In India, at least as early as 4th century bce – 20th century, a unit of itinerant distance.
The Arthaśāstra¹ (4th century bce) says that 1 yojana = 4 gorutas; 1 goruta = 1000 dhanus; 1 dhanu = 96 angulas. Taking the angula as ¾ inch makes the yojana about 4.54 statute miles. During the colonial period the British administration set the yojana at 5 miles; however, this seems to be smaller than its usual value. The ancient commentator on the Arthaśāstra says the goruta is 2000 dhanus, which would make the yojana about 9 miles.
T. W. Rhys Davids complied a list of occurrences of the term and compared each with distances on modern maps. He concluded²:
The conclusion to which I come is that we have no data as yet for determining the sense in which the word yojana is used in the Three Piṭakas; that in fifth-century Páli literature it means between seven and eight miles3, and that the traditions preserved by Ceylon authors of that date as to distances in North India in the time of Gautama agree pretty well, except in the cases of Kapilavastu and Sankassa, with the sites fixed by General Cunningham.
3. As when Professor Childers, in his Dictionary, s.v., looks upon the yojana “as about equivalent to twelve miles,” he is following Moggallána, though he especially instances No. 16, so also when the Burmese make it = 13½ miles (teste Rogers, Bud. Par. p. 42), this probably rests on some similar calculation.
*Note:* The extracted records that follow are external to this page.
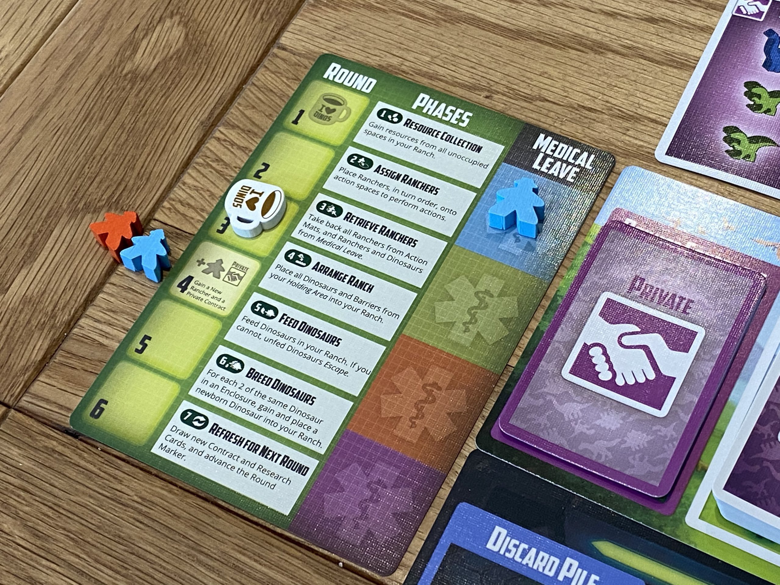 Later on in the round, the players will also retrieve their ranchers, arrange their park, feed their dinosaurs and breed their dinosaurs — all before refreshing any unclaimed science cards and replenishing the contract cards if needed. Before any of these phases however, the players must take turns to place their rancher meeples.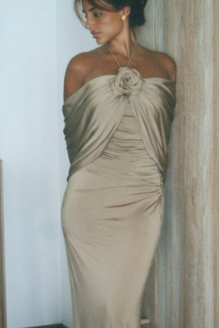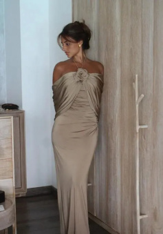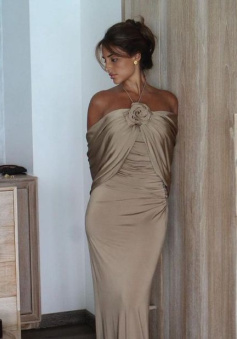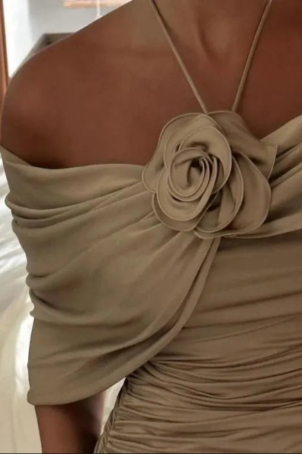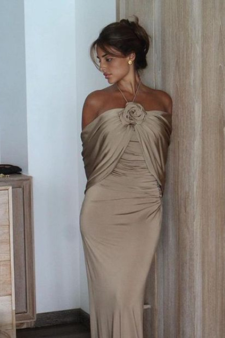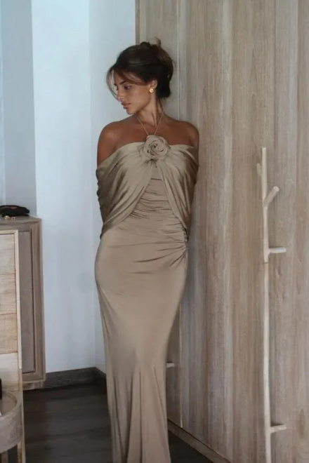 Party Dresses Champagne Evening Dress For Women Sleeveless Floor Length 3D Flower Formal Elegant Dress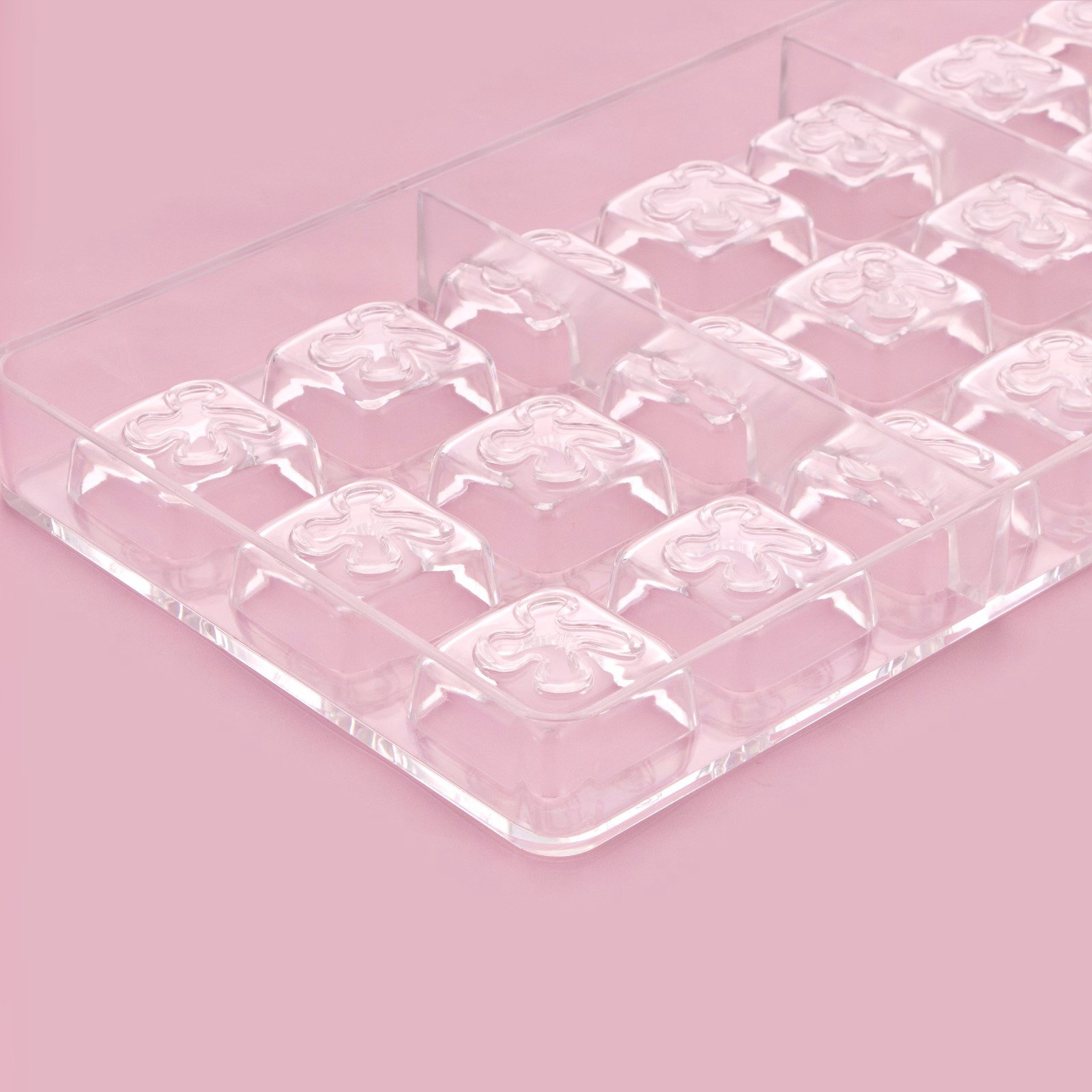 Форма для конфет и шоколада "Клевер", 27.5x17.5x2.5 см, 21 ячейка 2.5x2.5x1 см, прозрачная, 13.5x27.5x2.5 см., KONFINETTA, Китай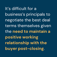 Next, the firm needs an experienced M&A investment banker with completed transactions and active deal flow in the wealth management space, equipping them with real-time knowledge of market valuations, deal structures, other terms and bidding behaviors across a wide range of active buyers in the space, leading to optimal results for sellers. It’s also difficult for a business’s principals to negotiate the best deal terms themselves given the need to maintain a positive working relationship with the buyer post-closing.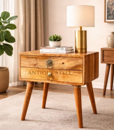 This solid wood bedside table from Antique Style Furniture combines functionality with timeless design. Crafted from high-quality natural wood, it features a smooth finish that highlights the natural grain and adds warmth to your bedroom. The table includes two spacious drawers with elegant brass ring handles, offering convenient storage for daily essentials. Supported by sturdy tapered legs, this bedside table is perfect for modern, classic, or antique-style interiors.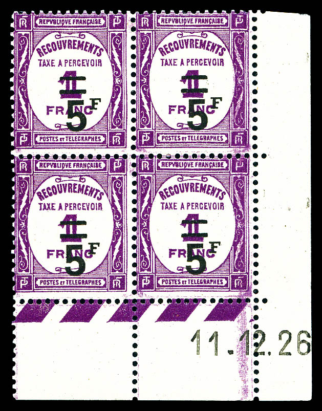 2067 nh imageN°65, 5f sur 1f lilas en bloc de quatre cdf daté du 11.12.26. TB Qualité: ** Cote: 1000 euros (Image)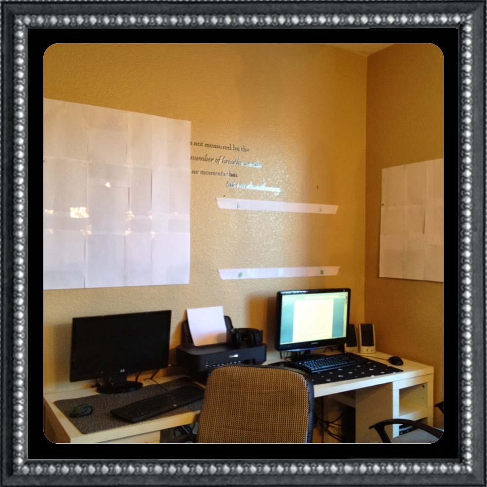 The brown pictures came down and a template of the office bulletin board and some shelves that I never hung went up onto the wall. I was able to rearrange the templates until I found an arrangement I liked.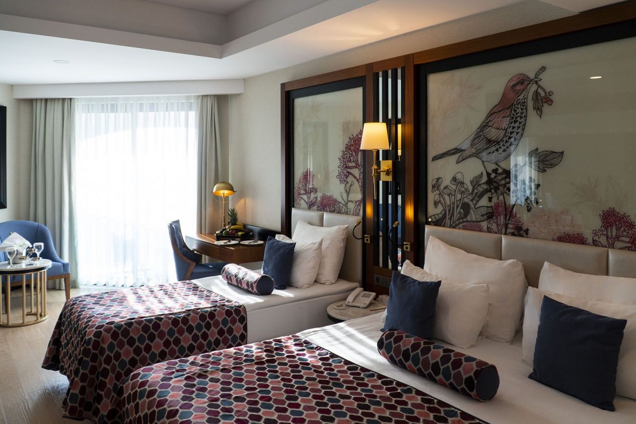 Всяка стая е оборудвана с централен климатик, сателитна телевизия, телефон, баня с душ, сешоар, мини-бар (вода, безалкохолни напитки, бира - ежедневно попълване, безплатно), чехли, сет за кафе и чай, сейф (безплатно), Wi-Fi (безплатно0, балкон, под - ламинат.

Doursther (1840) says 1 yojana = 4 krosa or cos = 400 tenah = 1600 bamboos = 3200 vansas = 8000 dandas = 20,000 guz, about 20.048 km (12.73 miles). His source is not given. Klimpert, under the headword Jodschan, says it= 4 cos and is 7315 meters in Bengal, which is a restatement of the reasoning from the Arthaśāstra.
Stein (1900, see example 1 below) says the usual value of the kruh in early 20th century Kashmir is 1½ miles, making the yojana (= 4 kruh) about 6 miles.
The unit occurs in Buddhist sutras. In Chinese translations of the sutras, yojana is rendered as you xun. Even longer values seem appropriate in some of the sutras.
1. R. Shamasasatry, trans.
Kautila's Arthaśāstra. 8th ed.
Mysore: Mysore Printing and Publishing House, 1967.
See footnote 4, page 121.
2. T. W. Rhys Davids.
On the Ancient Coins and Measures of Ceylon.
London: Trübner and Company, 1877.
264. When she learned from afar [at a place] where more than one Yojana yet remained of her way [to Narapura], that her brother had accomplished his work, she left that hail of stones among the villages.
265. For five Yojanas from that place the village-land became a waste buried under mighty boulders, and known to this very day as the Ramaṇyātavi ('the forest of Ramaṇyā').
[Footnote to verses] 263-265. ...In the stony waste above Litar I recognize the place where, according to our verse, the Ramaṇyā is supposed to have dropped her stones. The distance between it and Tsakadar is about eight miles, which corresponds exactly to the expression of the text...
The 'five Yojanas' which the next verse mentions as the length of the ground laid waste by the Ramanyatavi, seems a less accurate measurement. From above Hura por to the locality near Litar above indicated the map shows only a distance of about twenty-two miles, which is considerably less than the five Yojanas, or twenty Krosas of verse 265. The modern Kruh (Kōś) of Kasmi is about one and a half miles, and to judge from the evidence of vii. 393, and of Bilhana's measurement, Vikram. xviii. 70, the ancient Krośa in Kasmir could not have been less.
393. Full of energy, he accomplished the [way of] five Yojanas in half a moment by spurring on his steed which was as fast as thought.
[Footnote to verse] 393. The direct distance by road from S'ringar to Vijebror is about thirty miles. This corresponds exactly to five Yojanas or twenty Krośas, if the Krośa is taken at the usual valuation of the modern Kaśmiri Kruh (Kōś) as equal to one and a half miles; comp. note i. 265
M. A. Stein, trans.
Kalhana's Rajatarangini. A Chronicle of the Kings of Kasmir. Vol. 1.
Delhi: Motilal Banarsidass, 1961.
Reprint of the 1900 edition.
These footnotes of Sir Aurel Stein's have often been described as if Stein had made precise measurements of distances with somewhat precise endpoints, in the manner of modern studies of, for example, the stade. As can be seen, that is not the case.